# Incontinence pads under fleece?



## masquerademegan (Sep 28, 2012)

Are incontinence pads under fleece a good way to absorb the urine?

I have a bunch that were never used when my mom was sick. Figured they might make good absorbents, just have no clue if they're safe.


----------



## gal5150 (Aug 14, 2012)

If its cloth, yes...if they're disposable, no. I tried using puppy pee pads under fleece with guinea pigs and they tore them up...I can't even imagine what my rats would do. So I wouldn't.


----------



## masquerademegan (Sep 28, 2012)

They're the cloth ones, and are washable, if that makes any difference.

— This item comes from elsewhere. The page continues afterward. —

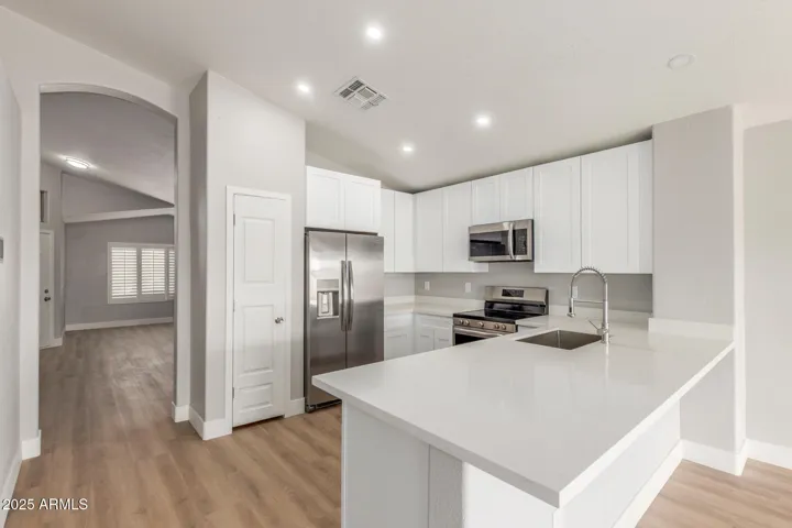 This beautifully renovated 4-bedroom, 2-bath home is located in a quiet neighborhood. No HOA, OWNED solar – what more could you ask for?! Inside, you’ll find a stunning kitchen with white shaker cabinets, quartz countertops, stainless steel appliances, and generous counter space, ideal for entertaining. Vaulted ceilings and recessed lighting. The home also features fresh paint, brand-new luxury vinyl flooring, plush carpet, and modern fixtures throughout. Outside, enjoy a low-maintenance backyard with a covered patio and a detached storage shed for extra space. Conveniently close to shopping, dining, & major freeways.
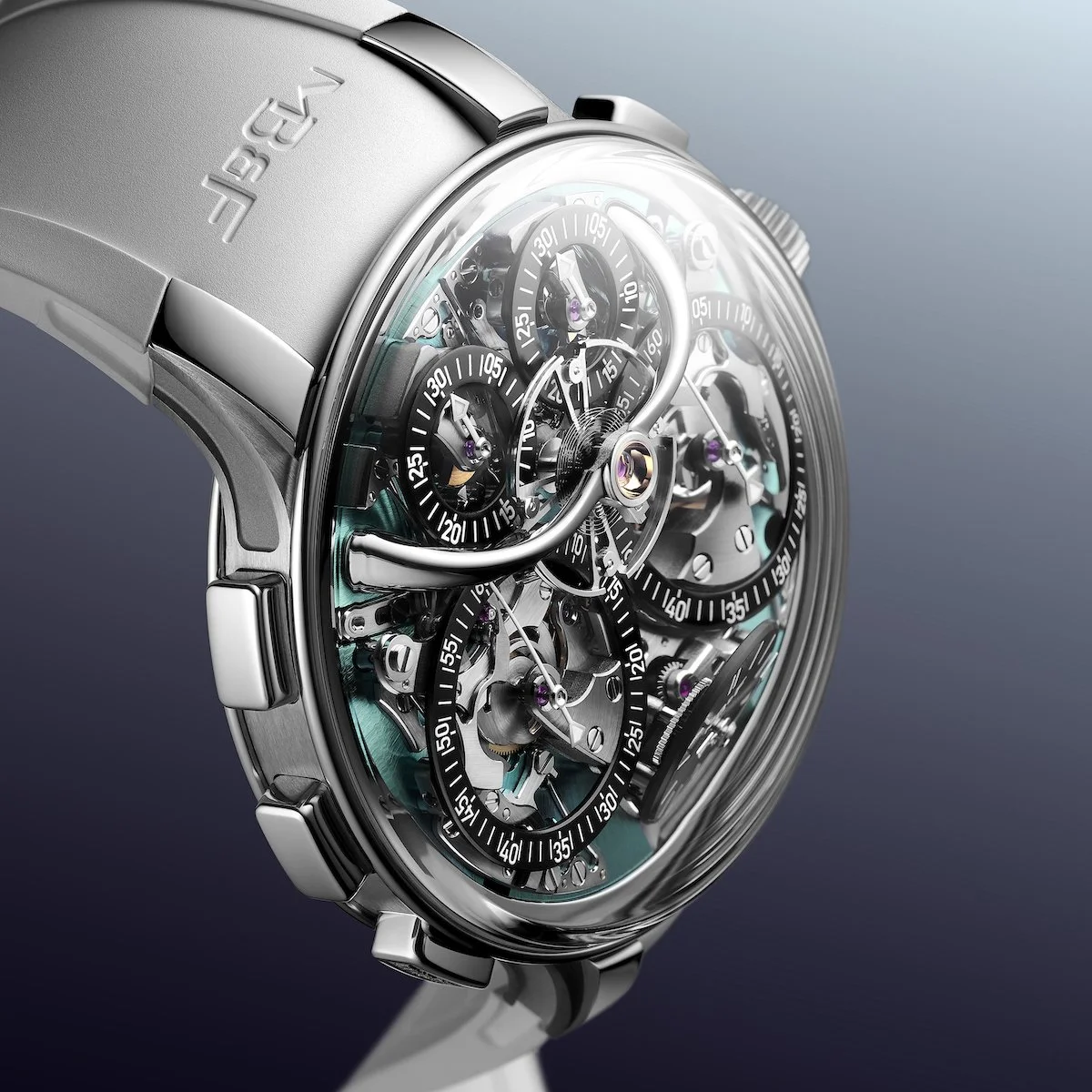 Yet McDonnell's original vision encompassed more. His prototype movement actually incorporated a flyback system, though perfecting this feature took 9 months of development, including six complete redesigns. The complexity proved too great to include alongside so many unproven innovations. That ambition found realization in 2024 with the LM Sequential Flyback in the classic Legacy Machine case, and now, arrives within the sportier EVO collection as the LM Sequential Flyback EVO, distinguished by its grade 5 titanium construction and striking aquamarine dial plate.

Don't want them chewing on that, though. Doesn't seem very digestible, lol.


----------



## gal5150 (Aug 14, 2012)

If its cloth, that would be fine as long as you don't mind them eventually being ruined. Rats have fleece and cloth hammocks, tubes, etc and they end up chewing them but they are safe to use...they just get destroyed. So if it's safety your worried about, go for it! You have the green light.


----------



## CindrDoLLy (Oct 3, 2012)

I've used this method before with disposable pads and had so-so results. I was fostering 4 boys and they would usually tear up the fleece but leave the pads. So the pads helped add an extra layer of protection, but they weren't particularly absorbent. It's worth trying once to see if your rats will leave the pads alone or not.


----------



## IOVERATS (Aug 25, 2012)

I would just give it a go because they are safe, if they start destroying them then just take them out. Its definitely worth a shot because you never know unless you try  Good luck I hope it goes well


----------